Whose Brain Would You Pick If You Had the Chance?

Every week we ask the Confabulators to answer a question that will enlighten or illuminate the darker corners of their brains. We force them to think about things they might not otherwise and sometimes we get some really interesting answers. This week’s question is one that usually comes up over drinks or late in the evening at a party where a group of writers are hanging out. Read on for some insights.

Kevin Wohler

I nearly freeze up at the idea of getting advice from any of my writing idols. I like the idea of poking through someone’s brain for insights without the vulnerability of asking them to read my work. It’s the stalker in me, I suppose. While I would love to pick the brains of Stephen King or Ray Bradbury, I feel that I’ve done that to some extent, by reading their books (On Writing and Zen in The Art of Writing, respectively). But I would love to have access to the part of their brains where they keep story ideas so I could steal them.

Sara Lundberg:

Am I allowed to choose a fellow Confabulator? I’d have to pick R.L. Naquin for this one. Just give me five minutes in her brain, and I’d be set life with story ideas. I’d love to see the world from her perspective. She tells us it’s a scary place in there, and that we might not survive a minute, let alone five. Besides, if I am totally honest, I do plan on picking her brain quite thoroughly once I’m ready to query a novel; her success has been an inspiration to all of us!

Jack Campbell, Jr.:

Ray Bradbury. His book Zen in the Art of Writing was a huge influence on my love of writing. He is perhaps my favorite author, and is one of the living legends of letters. The guy is 91 and has been writing since age 12. I can only imagine the value of his insight.

Larry Jenkins:

I’d like to spend about a day hanging out with Christopher Moore.  I want to know if he is as goofy in person as he seems in his writing.  Is he funny in real life, or is he just an asshole?  There’s a fine line, and I’d like to know how well he walks it.  I’d also be curious to see if he’s as OCD about his writing process as other authors appear to be.

Jason Arnett:

I think I’d want to have a storyteller’s dinner party and invite the authors who have influenced me the most, who have affected me the most and then just listen to the conversation. Absorbing by osmosis their genius, their points of view and observe their interactions and reactions to one another. If I had to pick one person at the party to talk storytelling with, it might be China Mieville.

Ted Boone:

John Scalzi. He’s prolific, his stories are clever and funny and exciting, and he seems to know everyone that’s anyone in the industry.

Muriel Green:

I would love to hang out with Ursula K. LeGuinn. She has a chapter in How to Become a Famous Writer Before You’re Dead that stands head and shoulders above other ‘how to write’ articles I’ve read.

R.L. Naquin:

Piers Anthony. He’s prolific, helpful to writers, engages with his fans, and yet is a grumpy old ogre who lives deep in the woods on a private tree farm in Florida. He’s a strange mixture. I’d love to find out what he’s really like.

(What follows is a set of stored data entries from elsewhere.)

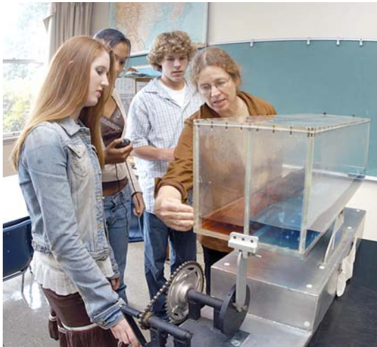
A scientist explaining tsunami waves to high school students.

Tsunami safety depends first and foremost on personal action. People who move quickly from the inundation zone move themselves to safety. Whether in response to feeling an earthquake or receiving a warning, safety comes from the personal decision to take appropriate action and thus depends on every citizen possibly at risk knowing how to respond appropriately. This knowledge must be conveyed to all our citizens for true safety to be achieved.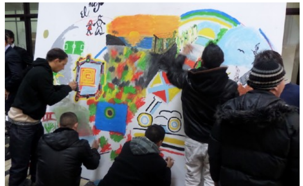
Picture of the group painting the mural.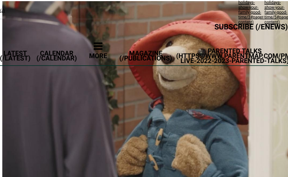
PHOTO: "Paddington Saves Christmas".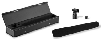
frequency response: 40–20,000 Hz

Specifications are subject to change without notice.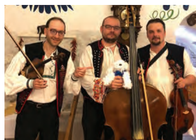
Chewy joins performers at Folklore Gardens on stage. A star is born!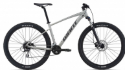
Talon 2 29 + $188.37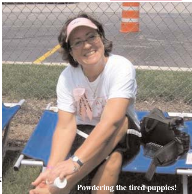
Powdering the tired puppies!

“It's raining this morning. One of those nice, gentle rains that sinks into the soil and nourishes both the flowers I have planted and the vegetable seeds sprouting in the garden. I am grateful for this rain, but I am equally grateful it didn't rain Saturday or Sunday while my friend Beth and I were walking downtown Chicago in the Avon Walk for Breast Cancer.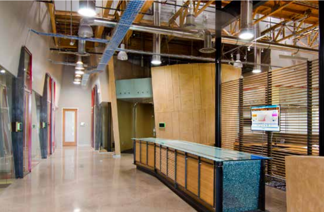
DPR Construction Phoenix, AZ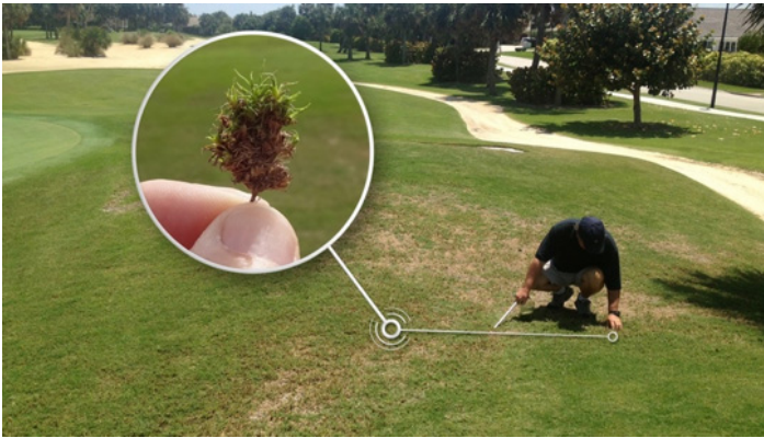
Figure 2. Characteristic damage on 'Celebration' bermudagrass heavily infested with bermudagrass mite on a Florida golf course.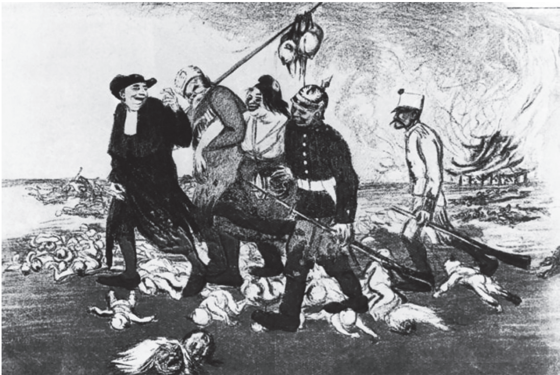
A cartoon published in a French magazine, July 1900. Its title is 'The expedition of the European powers against the Boxers'.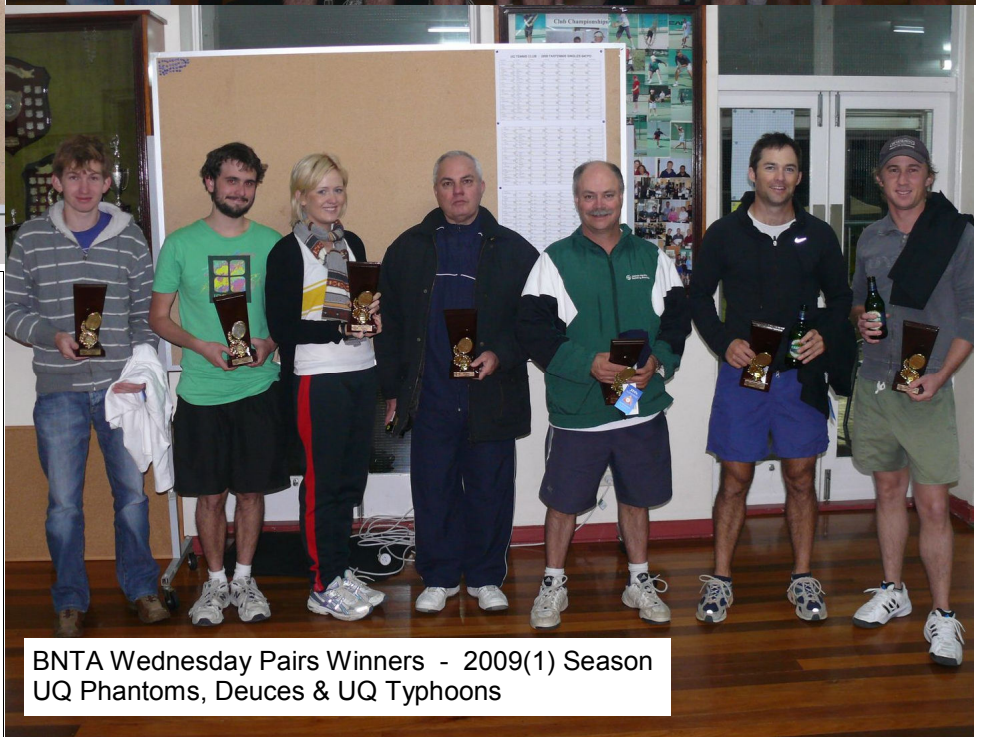
BNTA Wednesday Pairs Winners - 2009(1) Season UQ Phantoms, Deuces & UQ Typhoons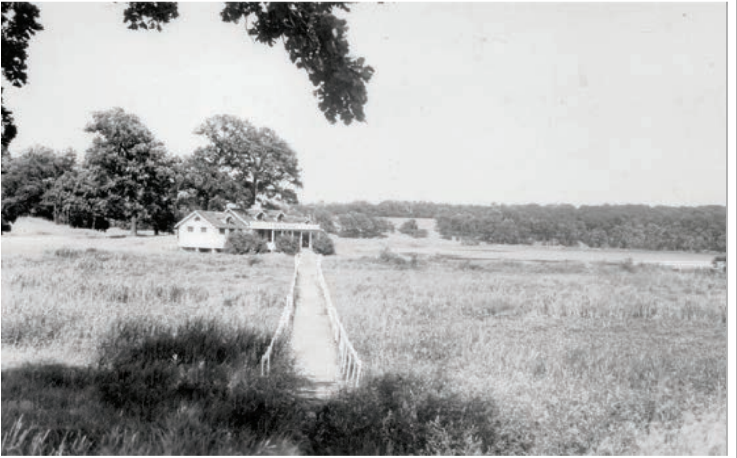
A walkway takes guests to the Biltmore Country Club bathhouse and beach (c. 1920s).

Cafe Management is run by the administration of The Confabulator Cafe. We keep things running smoothly, post stories by guest authors, and manage other boring back-end tasks.

3 Comments

  • R.L. Naquin says:

    Sara, that was really sweet. You’re welcome in here any time. It’s crowded, but I’ll kick somebody out to make room for you.

  • Ted Boone says:

    Sara picks Rachels’ brain instead of mine?!? That’s it, you’re off my Christmas card list, missy!

  • Haha, thanks Rachel! I’ll save up some vacation time :P And Ted, I got to pick your brain for, what, five years? Anyways, we could only choose one author. Who’s to say you weren’t a close second? :) I’d say all of my fellow Confabulators are tied for an extremely close second place. It’s so awesome to have the Cafe so I get the chance to see inside all of your brains!